* EXERCISE DESCRIPTION *
From the data below, repeat everything exactly except the images.
[TASK INPUTS — start]
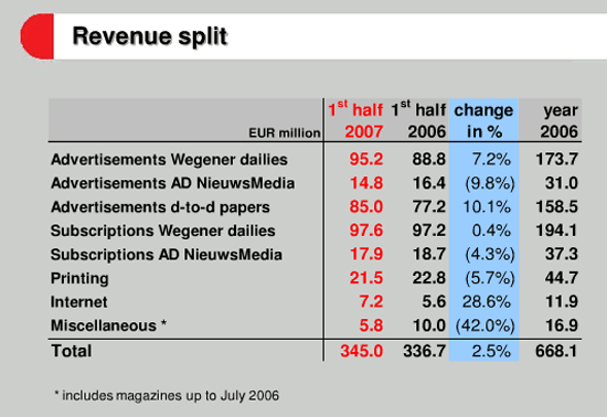 Het eerste dat opvalt is dat internet van alle bedrijfsonderdelen van Wegener de grootste toename in omzet laat zien (+28,6%). Absoluut gezien is internet echter nog steeds een klein onderdeel. Met 7,2 mln euro in het eerste half jaar van 2007 maakt het slechts 2,1% uit van de omzet.
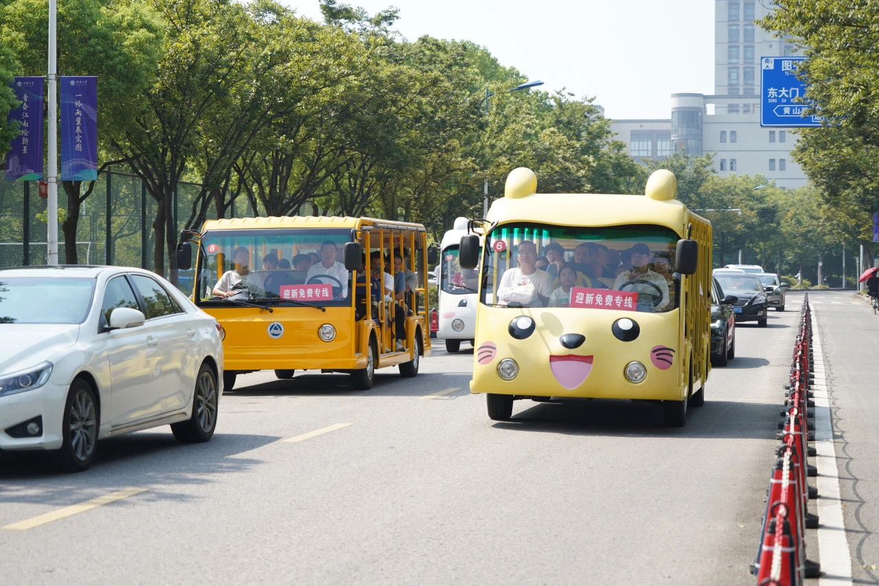 【交汇点8月24日】“我是宋梓涵,来自徐州,我开学啦”“同学,快来品尝新调制的啤酒”“这里还有防晒霜和床垫”“快上车,皮卡丘校车来啦”……高温挡不住迎新的热情,这里的校园处处充满新意与欣喜,好不热闹!
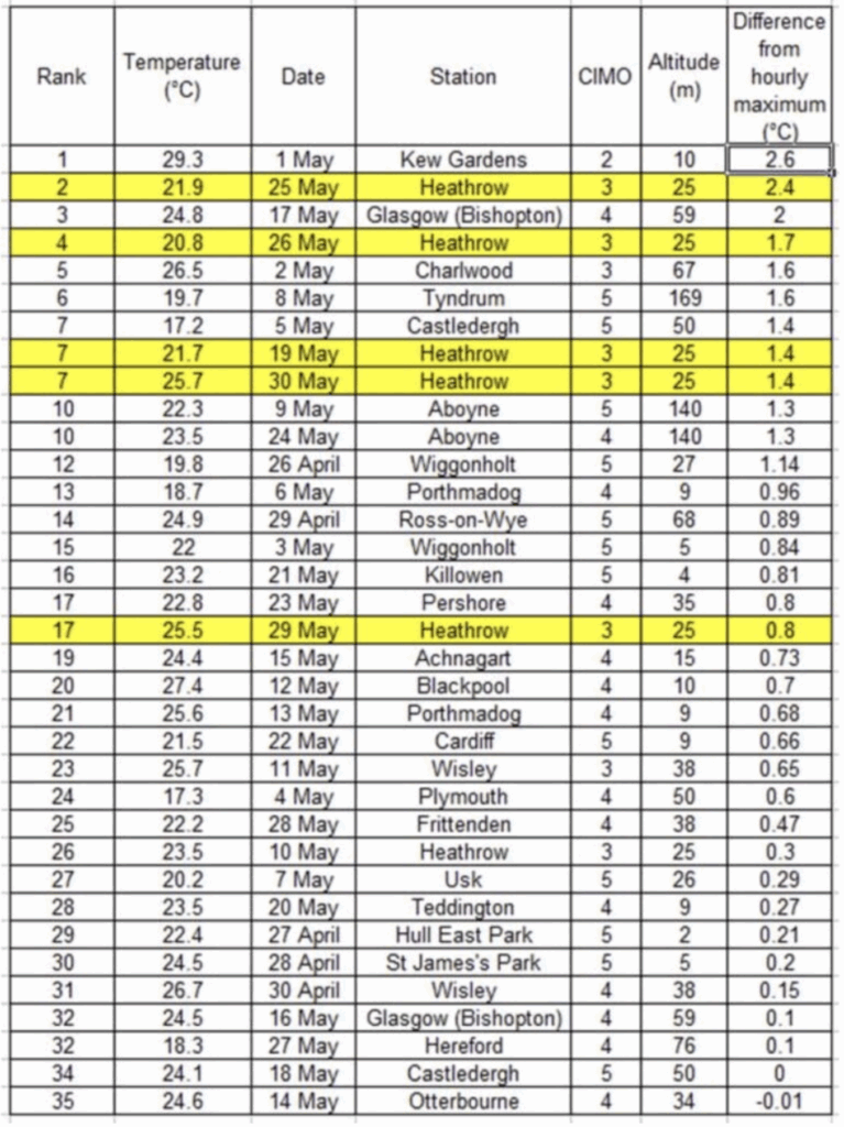 These two graphs show the variation of natural air temperature when it is measured properly under credible scientific conditions. The following table from earlier Huxter’s work shows how large the distortions can be when Met Office daily maximums, or ‘extremes’ as they are categorised, are drawn from badly sited stations. Listed below are 35 daily highs starting on April 26th this year and the difference from the recording at the hour. All but one of the recordings arise from CIMO Classes 3, 4 and 5, with internationally recognised ‘uncertainties’ up to 1°C, 2°C and 5°C respectively. The overall average ‘spike’ is 0.89°C, which is far higher than the overall average at Rothamsted.
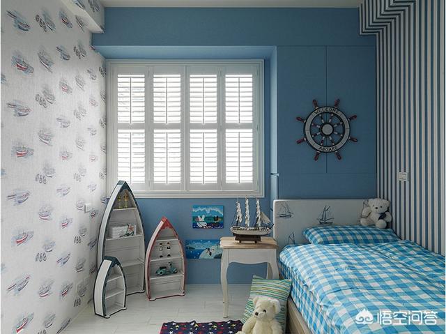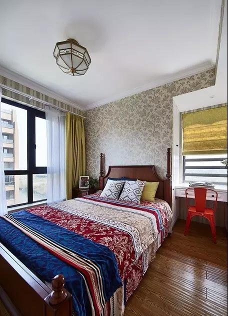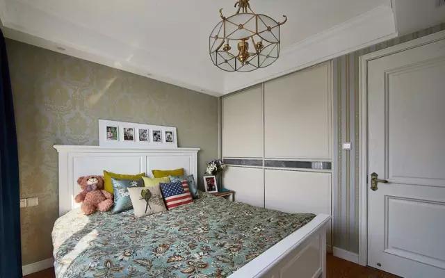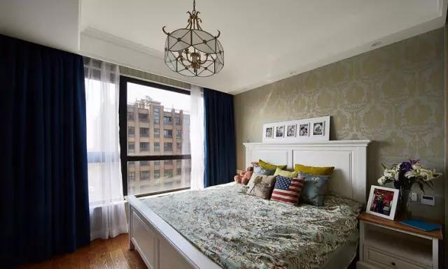 ▲ 主卧用了两种不同的壁纸铺贴,配以蓝色帘子白色纱。
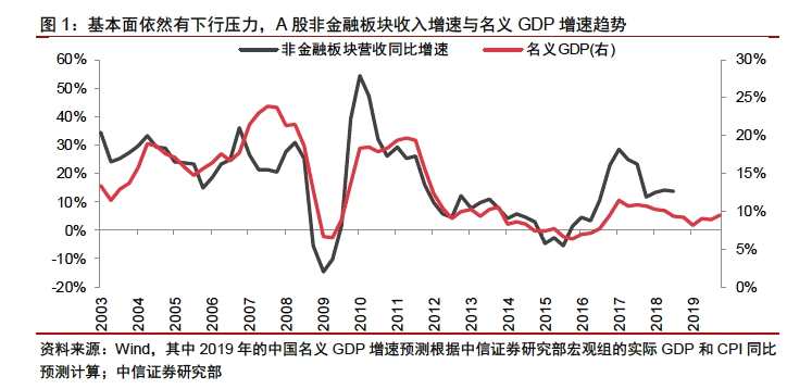 首先是基本面預期還有下調(diào)壓力。中信證券認為,宏觀經(jīng)濟和微觀盈利數(shù)據(jù)密集披露,基本面增速下行的壓力會最終確認。工業(yè)和國有企業(yè)的利潤增速開年繼續(xù)下行,而A股盈利增速至少在2019年二季度-三季度才能見底。
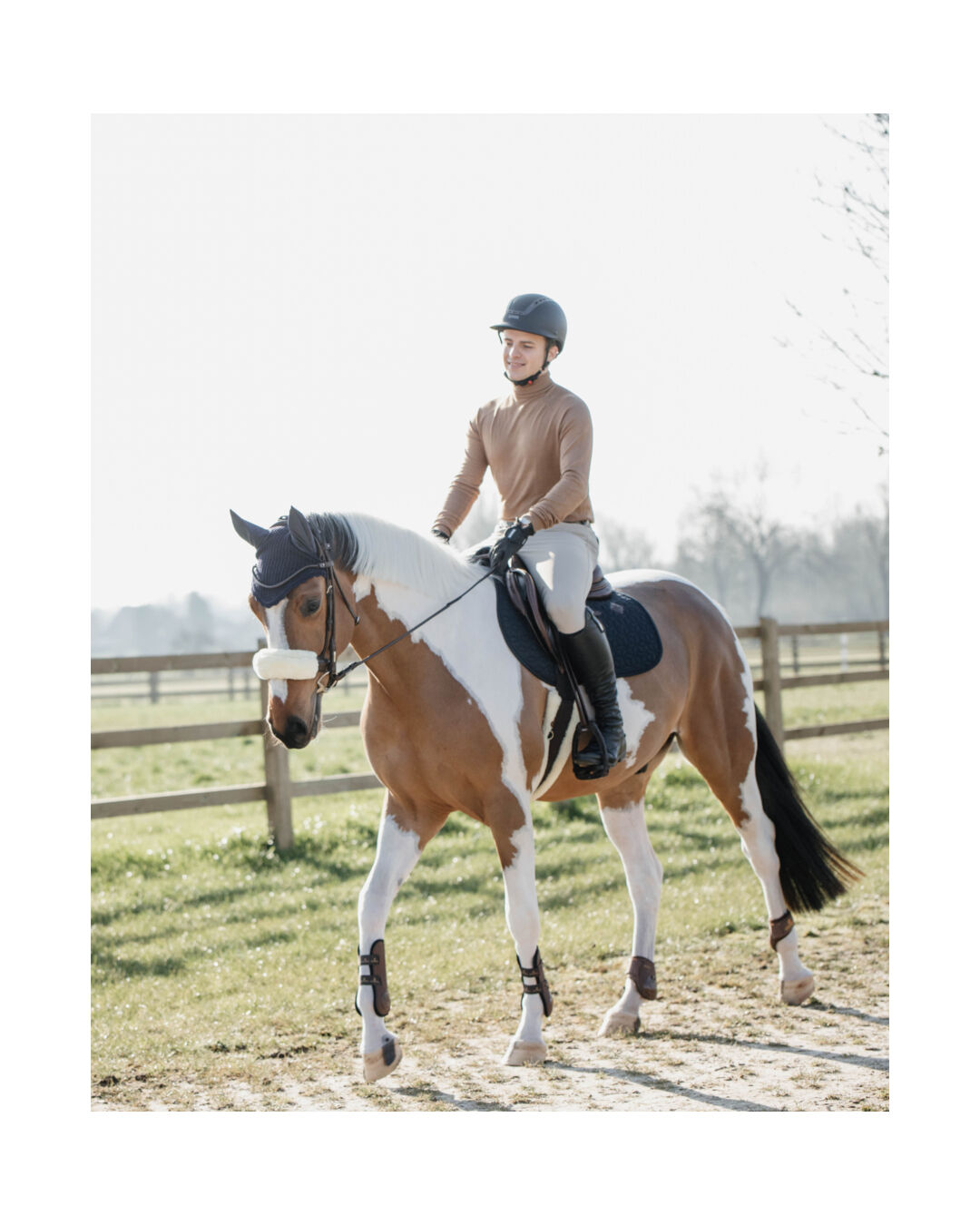 Erhältlich in den klassischen Farben, fügt sich der Schoner harmonisch in jede Ausrüstung ein. Neben dem Schutz für die Nase deines Pferdes, bewahrt er auch das Leder des Halfters vor Schweiß und Schmutz. Ein weiterer Pluspunkt: Das tierfreundliche Kunstfell bietet eine nachhaltige Alternative zu echtem Lammfell, ohne auf Komfort zu verzichten.
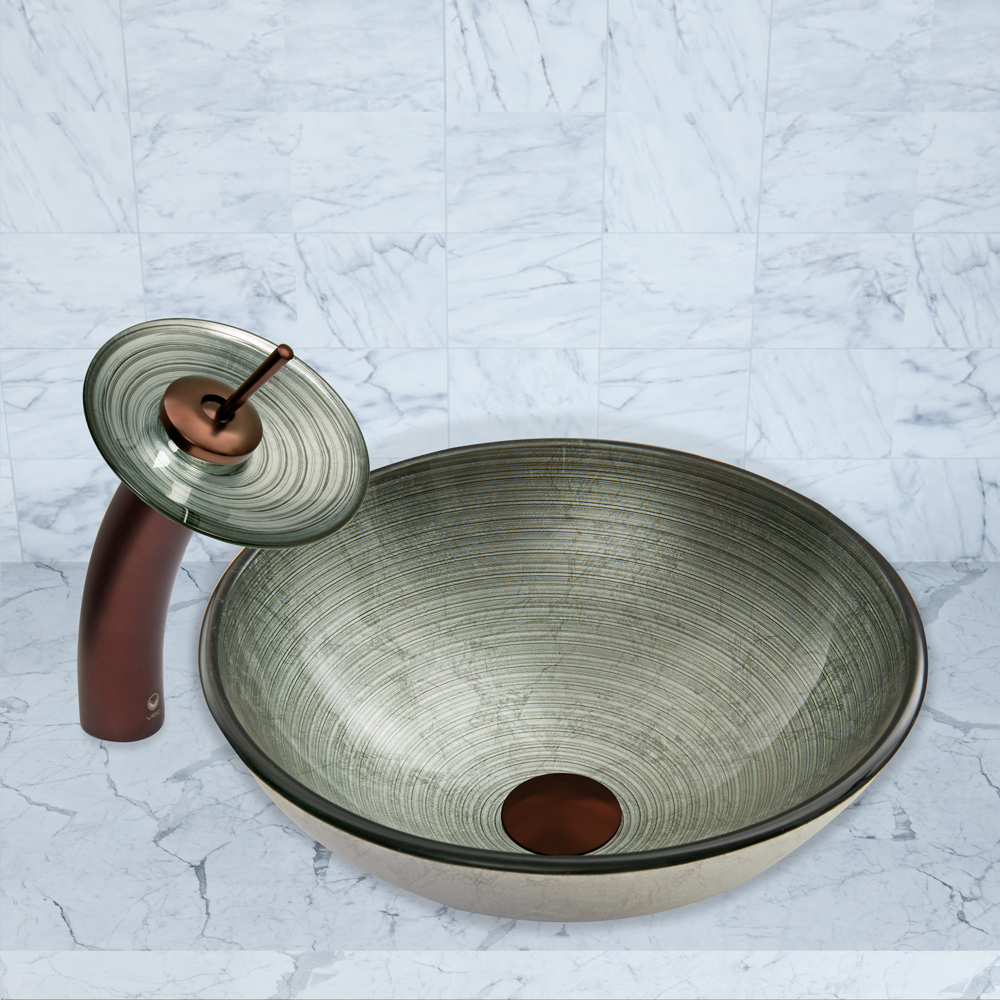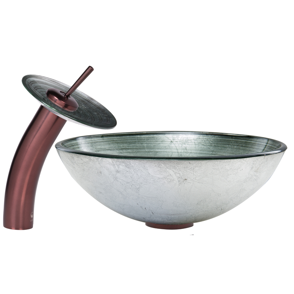 Brighten up your bathroom with the VIGO Simply Silver vessel sink and matching waterfall faucet in oil rubbed bronze. The hand spun metallic look of this sink will bring your bathroom the extra sparkle you've been looking for.
[TASK INPUTS — finish]
* YOUR RESPONSE *
 Het eerste dat opvalt is dat internet van alle bedrijfsonderdelen van Wegener de grootste toename in omzet laat zien (+28,6%). Absoluut gezien is internet echter nog steeds een klein onderdeel. Met 7,2 mln euro in het eerste half jaar van 2007 maakt het slechts 2,1% uit van de omzet.
 【交汇点8月24日】“我是宋梓涵,来自徐州,我开学啦”“同学,快来品尝新调制的啤酒”“这里还有防晒霜和床垫”“快上车,皮卡丘校车来啦”……高温挡不住迎新的热情,这里的校园处处充满新意与欣喜,好不热闹!
 These two graphs show the variation of natural air temperature when it is measured properly under credible scientific conditions. The following table from earlier Huxter’s work shows how large the distortions can be when Met Office daily maximums, or ‘extremes’ as they are categorised, are drawn from badly sited stations. Listed below are 35 daily highs starting on April 26th this year and the difference from the recording at the hour. All but one of the recordings arise from CIMO Classes 3, 4 and 5, with internationally recognised ‘uncertainties’ up to 1°C, 2°C and 5°C respectively. The overall average ‘spike’ is 0.89°C, which is far higher than the overall average at Rothamsted.
 ▲ 主卧用了两种不同的壁纸铺贴,配以蓝色帘子白色纱。
 首先是基本面預期還有下調(diào)壓力。中信證券認為,宏觀經(jīng)濟和微觀盈利數(shù)據(jù)密集披露,基本面增速下行的壓力會最終確認。工業(yè)和國有企業(yè)的利潤增速開年繼續(xù)下行,而A股盈利增速至少在2019年二季度-三季度才能見底。
 Erhältlich in den klassischen Farben, fügt sich der Schoner harmonisch in jede Ausrüstung ein. Neben dem Schutz für die Nase deines Pferdes, bewahrt er auch das Leder des Halfters vor Schweiß und Schmutz. Ein weiterer Pluspunkt: Das tierfreundliche Kunstfell bietet eine nachhaltige Alternative zu echtem Lammfell, ohne auf Komfort zu verzichten.
 Brighten up your bathroom with the VIGO Simply Silver vessel sink and matching waterfall faucet in oil rubbed bronze. The hand spun metallic look of this sink will bring your bathroom the extra sparkle you've been looking for.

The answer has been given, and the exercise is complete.